-- MATERIAL PROVIDED --
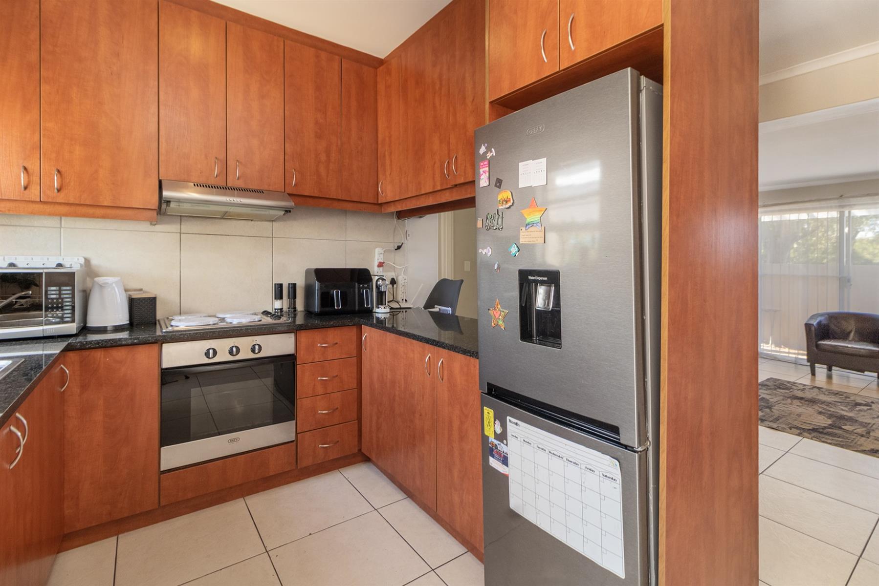 The bright and spacious open-plan living and dining area flows effortlessly onto a private backyard with a built-in braai — perfect for relaxing or entertaining. The modern kitchen features granite countertops, ample cupboard space, and a breakfast nook.
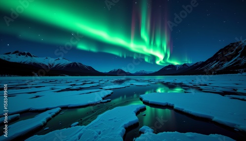 © Anajak, Naklejka premium the mesmerizing aurora borealis, or northern lights, in a remote arctic landscape
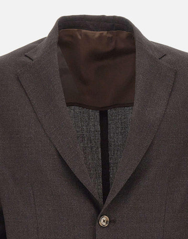 Barba men's pure wool blazer, chocolate brown, Easy Collection, collar with narrow lapels, two-button closure with logo, front pockets, buttoned cuffs, side vents on back for greater comfort, partially lined in viscose, inside pocket, slim fit. Made in Italy, it combines sartorial elegance and everyday practicality.
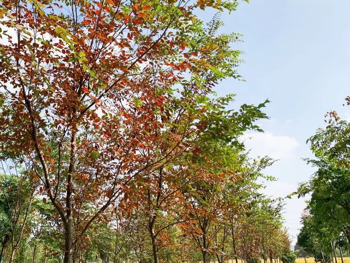 重固镇生态公益林四时皆有景,景景各不同。娜塔栎与榉树,在初冬时节显示出新的色彩,鲜红的树叶在阳光下熠熠生辉,真是树树皆美景。

-- DIRECTIONS FOR THIS TASK --
What is needed is the listing above, repeated verbatim, without its images.

-- EXERCISE ANSWER --
 The bright and spacious open-plan living and dining area flows effortlessly onto a private backyard with a built-in braai — perfect for relaxing or entertaining. The modern kitchen features granite countertops, ample cupboard space, and a breakfast nook.
 © Anajak, Naklejka premium the mesmerizing aurora borealis, or northern lights, in a remote arctic landscape
 Barba men's pure wool blazer, chocolate brown, Easy Collection, collar with narrow lapels, two-button closure with logo, front pockets, buttoned cuffs, side vents on back for greater comfort, partially lined in viscose, inside pocket, slim fit. Made in Italy, it combines sartorial elegance and everyday practicality.
 重固镇生态公益林四时皆有景,景景各不同。娜塔栎与榉树,在初冬时节显示出新的色彩,鲜红的树叶在阳光下熠熠生辉,真是树树皆美景。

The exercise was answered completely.